They gave us her picture.
Right there amidst the triple copies of court documents and health histories.
Right there, in the beigeochromatic box of a family services conference room.
Without anticipation or expectation, she was suddenly staring back at us. The black and white printout clearly taken from a state database, grainy and overexposed with shadow.
Even so, she looked out with her round cheekbones and the exact eyebrows of her/my son.
Lately I’ve been wondering what it looks like to honor our adopted sons and how we can allow them to grow with the most unfractured spirits possible.
The more I allow all possibilities to that question, the more my heart chases the whisper that the answer lies in honoring their birth parents.
Can we create invitations for their spirits to be as unfractured as possible as they carry the knowledge or heartache or shame they couldn’t offer enough safety/sobriety/nurture to their children?
The wind keeps whirling this idea back to me.
Honor our children by honoring their birth parents. Give them all a chance to be whole.
I hate this because it requires emotional elasticity from me.
Do I have the energy to choose the harder way? Do I believe love expands infinitely and is expressed in infinite ways?
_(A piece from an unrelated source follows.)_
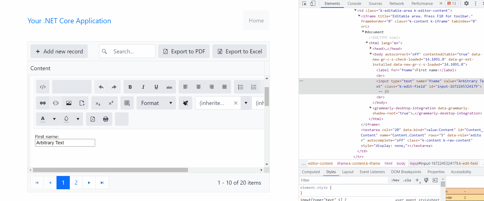 I have an editor (classic mode) I use in an editor template like @(Html.Kendo().EditorFor(m => m.Content) for a grid to create and update HTML content coming from the database that has inputs and selects. When I first load the content to the editor, I have a processEditorInputs() JavaScript function that loops thru all the inputs and selects in the editor's iframe, adds a css class to them, and adds a dblclick event listener so they can be edited via a kendo dialog I have also in my view. Everything is working fine but I have an issue I have not been able to figure out. After the undo action is performed in the editor, either by ctrl+Z or toolbar action, all my inputs in the editor lose their doubleclick binding and therefore cannot be edited again via the dialog. I tried subscribing to the 'Execute' event of the editor to call my processEditorInputs() function again after undo is performed like below:

Do I believe parenting is the long game based on small actions now? Can I find the tension between rock-solid boundaries and liquid scoopfuls of grace?
I hate this because it runs counter-intuitive to a mother’s blind rage to protect at all costs.
Didn’t they have their chance?! And yet…the longer I am in this foster care world, the more I believe it is a child’s right to know about and know their birth family (in the increments it remains safe and emotionally healthy for the child.)
I hate this because I have to crush my ego and my desire to reduce complexities into binaries I can label “good” or “bad”.
I do not get the luxury of seeing time in a vacuum without the deep realities of our American history and how race, cyclical poverty, blocked access to education, and current politics play heavily into why I sit at a table telling the state I legally promise to be Nurture Mommy while Birth Mom remains as voiceless as her pixelated picture.
I allow myself the freedom to not have answers right now. There is no map.
For now, there is time.
For now, we focus on all children in our home feeling attached and safe. For them to believe they belong, are chosen, and known.
For now, I slide that paper with her picture onto the top of the pile knowing what a treasure it will be in the discussions to come with her/my boys.